(Excerpts from a dataset)

((

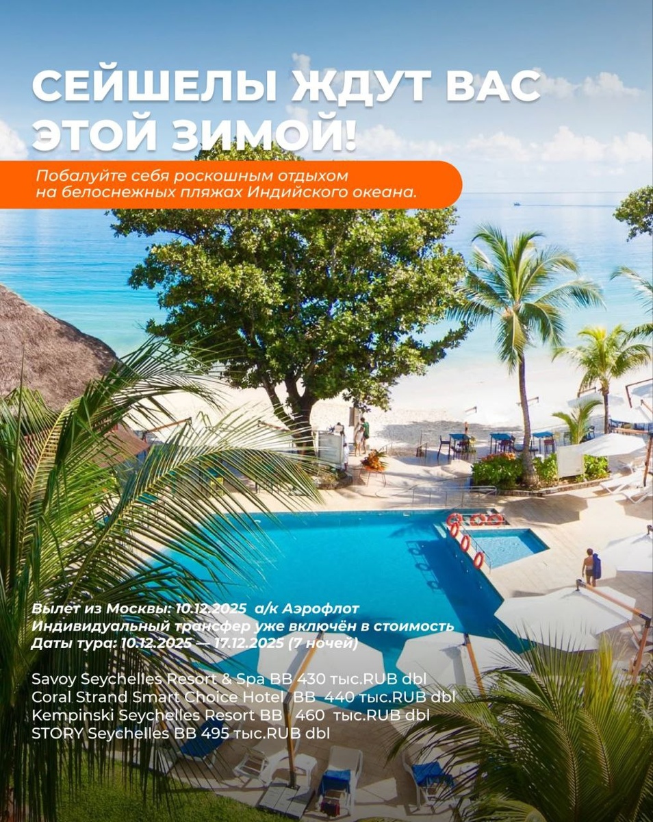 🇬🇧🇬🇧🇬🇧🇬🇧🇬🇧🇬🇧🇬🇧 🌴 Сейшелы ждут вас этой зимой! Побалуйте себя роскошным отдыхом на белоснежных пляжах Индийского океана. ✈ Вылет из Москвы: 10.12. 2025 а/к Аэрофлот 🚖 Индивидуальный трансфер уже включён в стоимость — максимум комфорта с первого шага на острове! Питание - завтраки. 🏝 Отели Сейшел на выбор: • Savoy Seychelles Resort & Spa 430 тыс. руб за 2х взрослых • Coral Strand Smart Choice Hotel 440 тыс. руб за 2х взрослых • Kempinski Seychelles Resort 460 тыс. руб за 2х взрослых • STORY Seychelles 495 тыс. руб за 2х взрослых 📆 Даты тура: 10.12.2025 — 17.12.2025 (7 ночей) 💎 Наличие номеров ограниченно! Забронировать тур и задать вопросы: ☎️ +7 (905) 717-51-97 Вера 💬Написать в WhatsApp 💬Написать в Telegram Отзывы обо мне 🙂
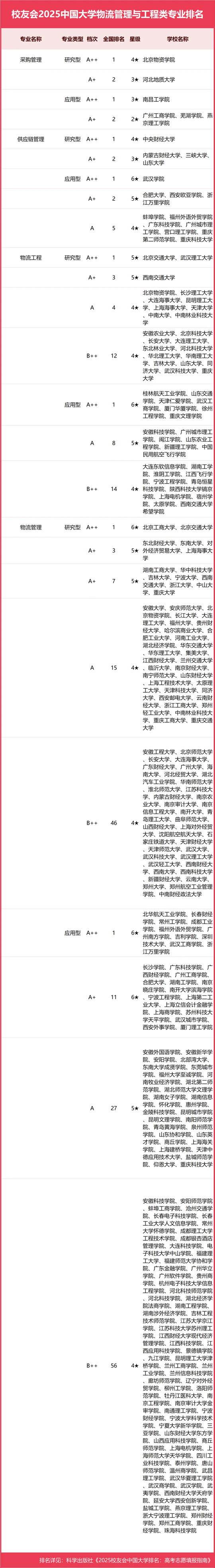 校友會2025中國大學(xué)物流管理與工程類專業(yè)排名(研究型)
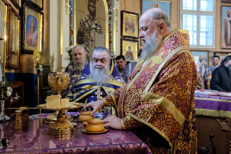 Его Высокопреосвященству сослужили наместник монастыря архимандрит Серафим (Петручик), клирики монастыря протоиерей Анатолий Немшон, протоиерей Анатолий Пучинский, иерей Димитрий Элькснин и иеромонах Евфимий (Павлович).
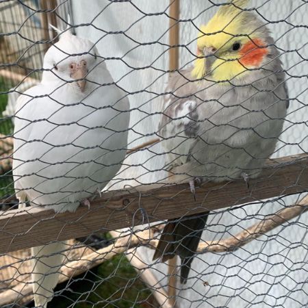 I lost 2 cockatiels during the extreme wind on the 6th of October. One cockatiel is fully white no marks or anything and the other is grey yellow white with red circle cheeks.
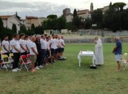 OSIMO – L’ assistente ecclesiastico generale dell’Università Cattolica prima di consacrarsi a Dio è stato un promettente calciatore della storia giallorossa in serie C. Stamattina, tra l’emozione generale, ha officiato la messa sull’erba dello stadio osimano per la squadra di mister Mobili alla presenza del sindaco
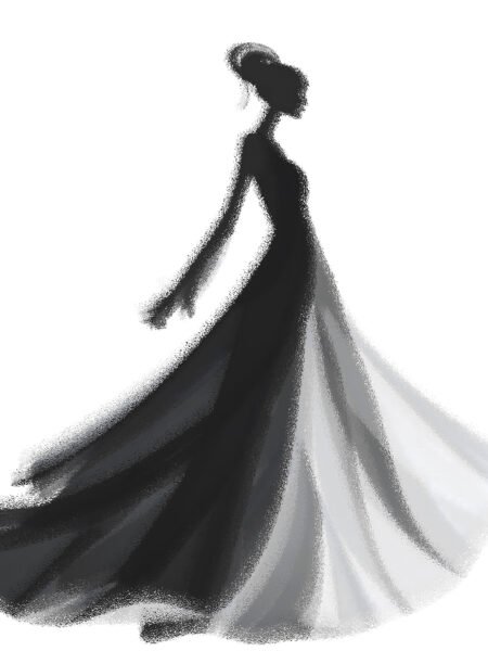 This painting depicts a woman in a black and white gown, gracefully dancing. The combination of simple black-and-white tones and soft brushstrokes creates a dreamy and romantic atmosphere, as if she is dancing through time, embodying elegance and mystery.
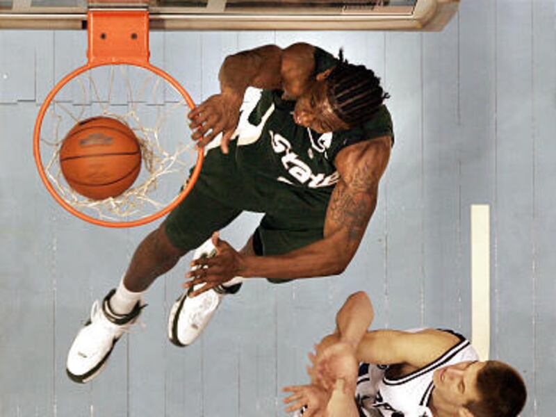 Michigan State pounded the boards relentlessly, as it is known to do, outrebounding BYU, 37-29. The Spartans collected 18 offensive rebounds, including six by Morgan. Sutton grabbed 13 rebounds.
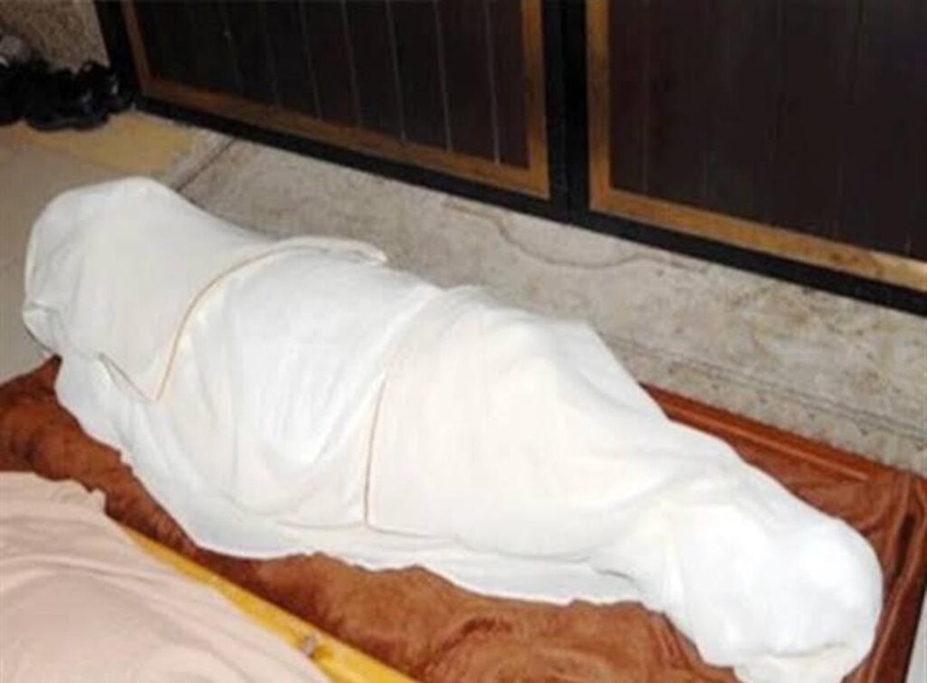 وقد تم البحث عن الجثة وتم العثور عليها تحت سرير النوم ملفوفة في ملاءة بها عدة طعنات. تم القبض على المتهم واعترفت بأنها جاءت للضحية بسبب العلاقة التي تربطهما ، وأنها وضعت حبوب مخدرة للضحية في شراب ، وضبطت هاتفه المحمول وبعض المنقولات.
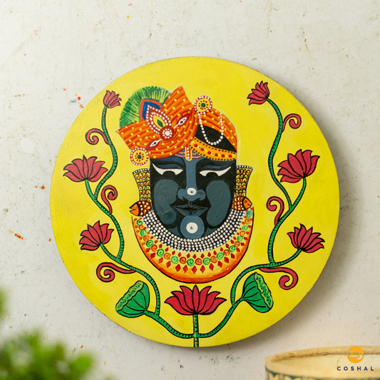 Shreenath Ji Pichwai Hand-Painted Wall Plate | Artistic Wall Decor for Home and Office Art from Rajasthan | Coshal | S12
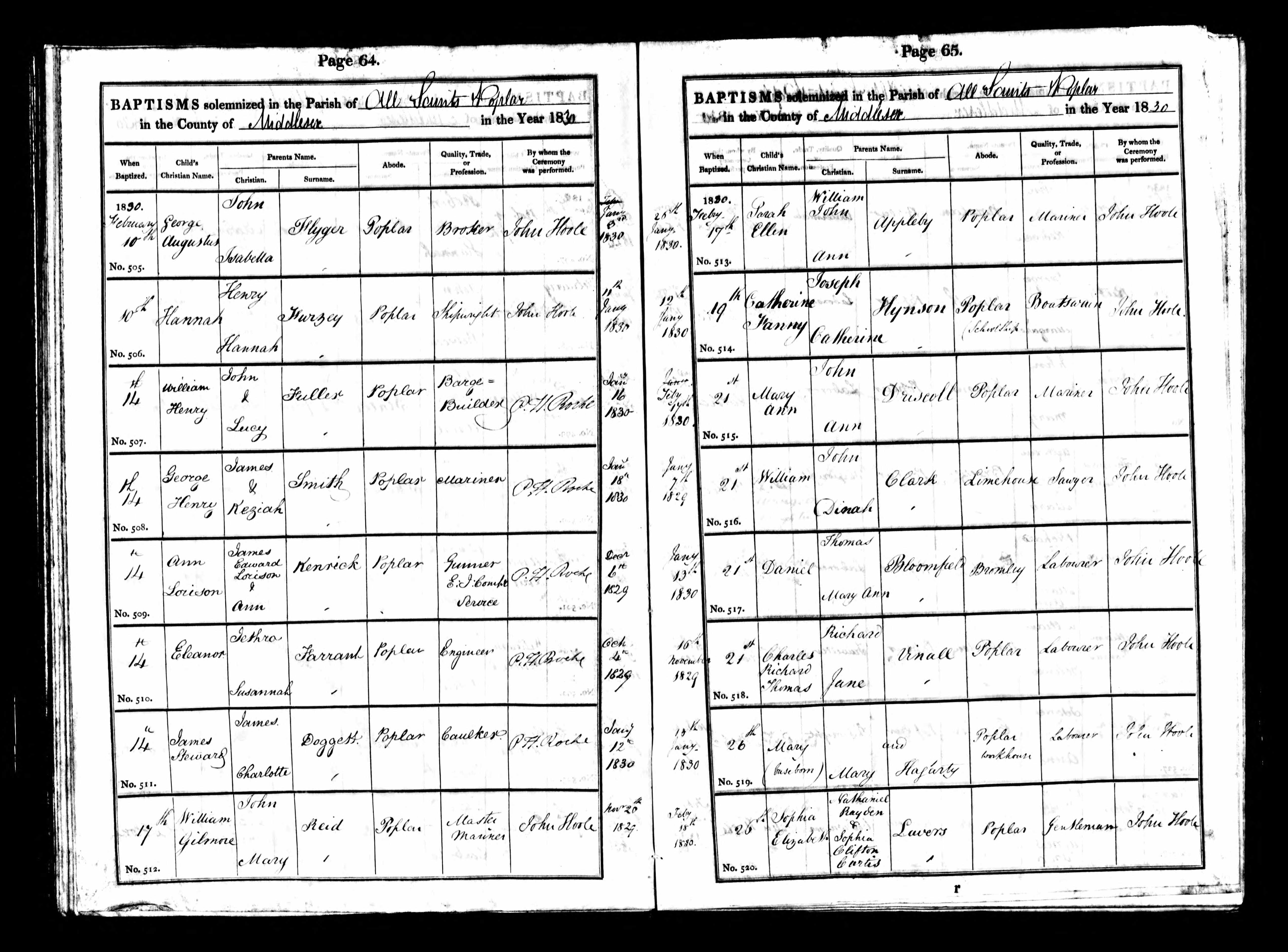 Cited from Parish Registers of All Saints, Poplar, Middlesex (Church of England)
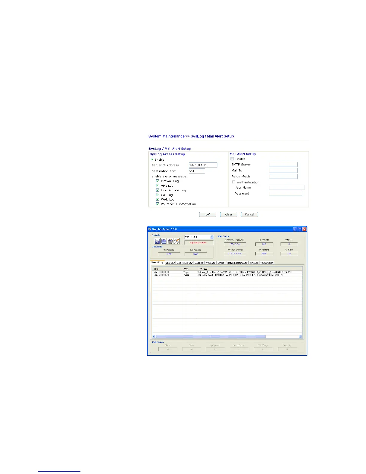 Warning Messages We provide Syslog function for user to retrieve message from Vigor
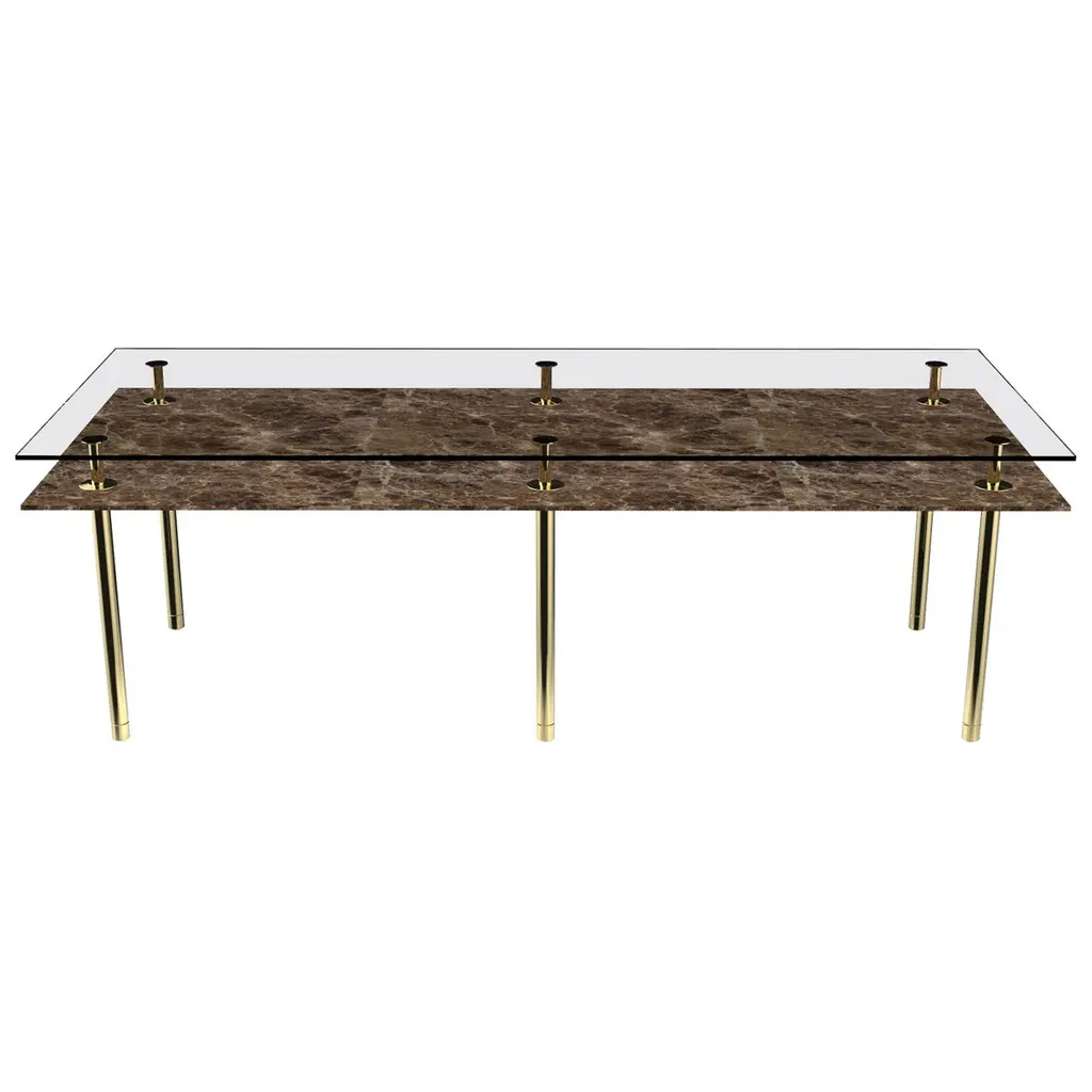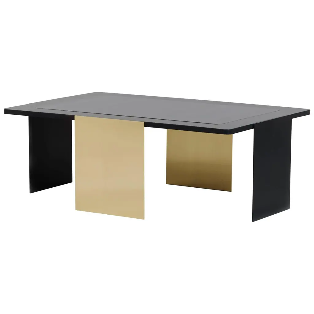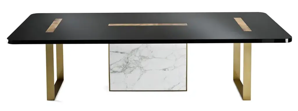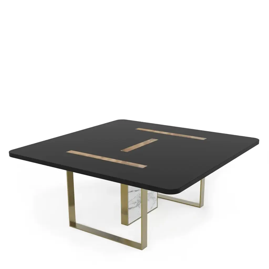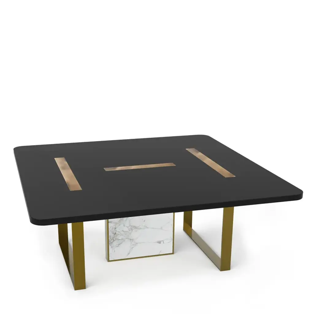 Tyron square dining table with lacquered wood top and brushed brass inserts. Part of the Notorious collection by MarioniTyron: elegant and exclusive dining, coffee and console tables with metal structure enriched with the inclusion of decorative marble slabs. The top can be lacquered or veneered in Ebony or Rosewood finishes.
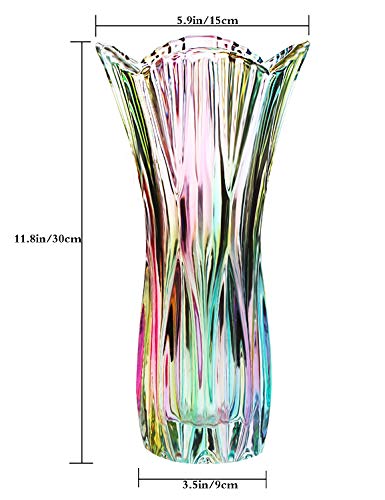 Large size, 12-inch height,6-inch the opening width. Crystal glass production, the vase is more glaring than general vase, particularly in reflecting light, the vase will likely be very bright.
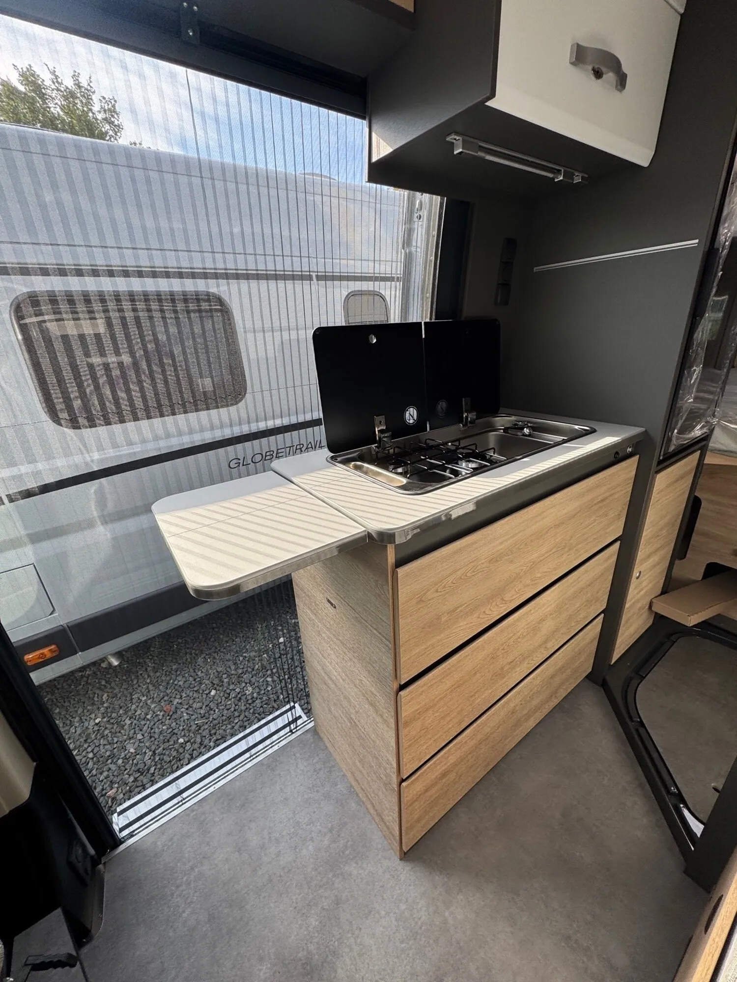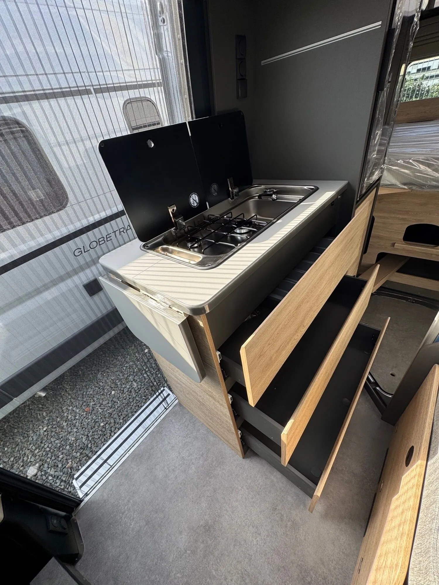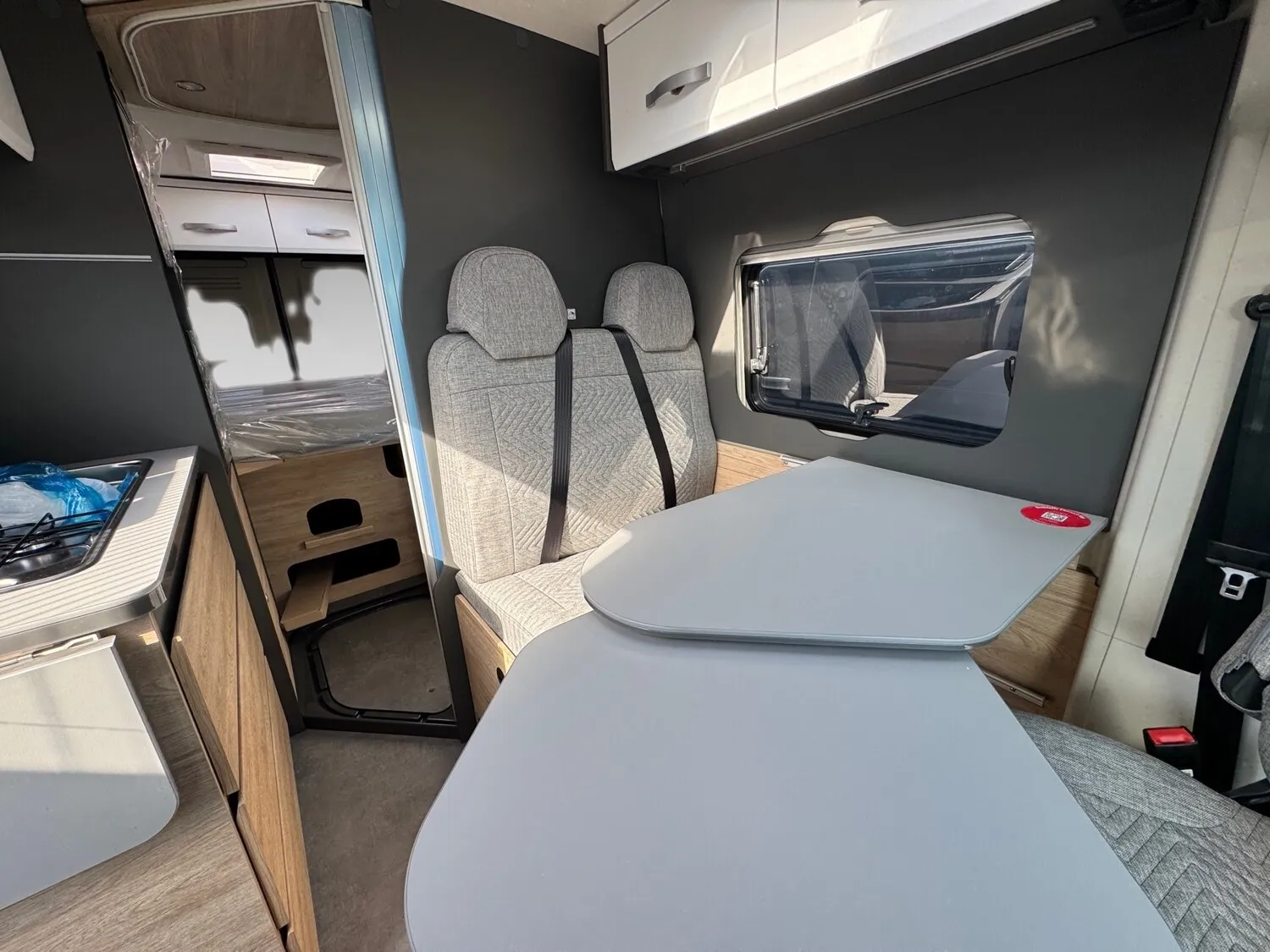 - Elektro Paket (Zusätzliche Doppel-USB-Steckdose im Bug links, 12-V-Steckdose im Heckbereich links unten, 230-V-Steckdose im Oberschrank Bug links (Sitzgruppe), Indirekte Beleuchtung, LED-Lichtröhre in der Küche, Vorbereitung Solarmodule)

))

**EXERCISE DETAILS:** Retype all the data exactly, please, without pictures.

**TASK SOLUTION:**
 🇬🇧🇬🇧🇬🇧🇬🇧🇬🇧🇬🇧🇬🇧 🌴 Сейшелы ждут вас этой зимой! Побалуйте себя роскошным отдыхом на белоснежных пляжах Индийского океана. ✈ Вылет из Москвы: 10.12. 2025 а/к Аэрофлот 🚖 Индивидуальный трансфер уже включён в стоимость — максимум комфорта с первого шага на острове! Питание - завтраки. 🏝 Отели Сейшел на выбор: • Savoy Seychelles Resort & Spa 430 тыс. руб за 2х взрослых • Coral Strand Smart Choice Hotel 440 тыс. руб за 2х взрослых • Kempinski Seychelles Resort 460 тыс. руб за 2х взрослых • STORY Seychelles 495 тыс. руб за 2х взрослых 📆 Даты тура: 10.12.2025 — 17.12.2025 (7 ночей) 💎 Наличие номеров ограниченно! Забронировать тур и задать вопросы: ☎️ +7 (905) 717-51-97 Вера 💬Написать в WhatsApp 💬Написать в Telegram Отзывы обо мне 🙂
 校友會2025中國大學(xué)物流管理與工程類專業(yè)排名(研究型)
 Его Высокопреосвященству сослужили наместник монастыря архимандрит Серафим (Петручик), клирики монастыря протоиерей Анатолий Немшон, протоиерей Анатолий Пучинский, иерей Димитрий Элькснин и иеромонах Евфимий (Павлович).
 I lost 2 cockatiels during the extreme wind on the 6th of October. One cockatiel is fully white no marks or anything and the other is grey yellow white with red circle cheeks.
 OSIMO – L’ assistente ecclesiastico generale dell’Università Cattolica prima di consacrarsi a Dio è stato un promettente calciatore della storia giallorossa in serie C. Stamattina, tra l’emozione generale, ha officiato la messa sull’erba dello stadio osimano per la squadra di mister Mobili alla presenza del sindaco
 This painting depicts a woman in a black and white gown, gracefully dancing. The combination of simple black-and-white tones and soft brushstrokes creates a dreamy and romantic atmosphere, as if she is dancing through time, embodying elegance and mystery.
 Michigan State pounded the boards relentlessly, as it is known to do, outrebounding BYU, 37-29. The Spartans collected 18 offensive rebounds, including six by Morgan. Sutton grabbed 13 rebounds.
 وقد تم البحث عن الجثة وتم العثور عليها تحت سرير النوم ملفوفة في ملاءة بها عدة طعنات. تم القبض على المتهم واعترفت بأنها جاءت للضحية بسبب العلاقة التي تربطهما ، وأنها وضعت حبوب مخدرة للضحية في شراب ، وضبطت هاتفه المحمول وبعض المنقولات.
 Shreenath Ji Pichwai Hand-Painted Wall Plate | Artistic Wall Decor for Home and Office Art from Rajasthan | Coshal | S12
 Cited from Parish Registers of All Saints, Poplar, Middlesex (Church of England)
 Warning Messages We provide Syslog function for user to retrieve message from Vigor
 Tyron square dining table with lacquered wood top and brushed brass inserts. Part of the Notorious collection by MarioniTyron: elegant and exclusive dining, coffee and console tables with metal structure enriched with the inclusion of decorative marble slabs. The top can be lacquered or veneered in Ebony or Rosewood finishes.
 Large size, 12-inch height,6-inch the opening width. Crystal glass production, the vase is more glaring than general vase, particularly in reflecting light, the vase will likely be very bright.
 - Elektro Paket (Zusätzliche Doppel-USB-Steckdose im Bug links, 12-V-Steckdose im Heckbereich links unten, 230-V-Steckdose im Oberschrank Bug links (Sitzgruppe), Indirekte Beleuchtung, LED-Lichtröhre in der Küche, Vorbereitung Solarmodule)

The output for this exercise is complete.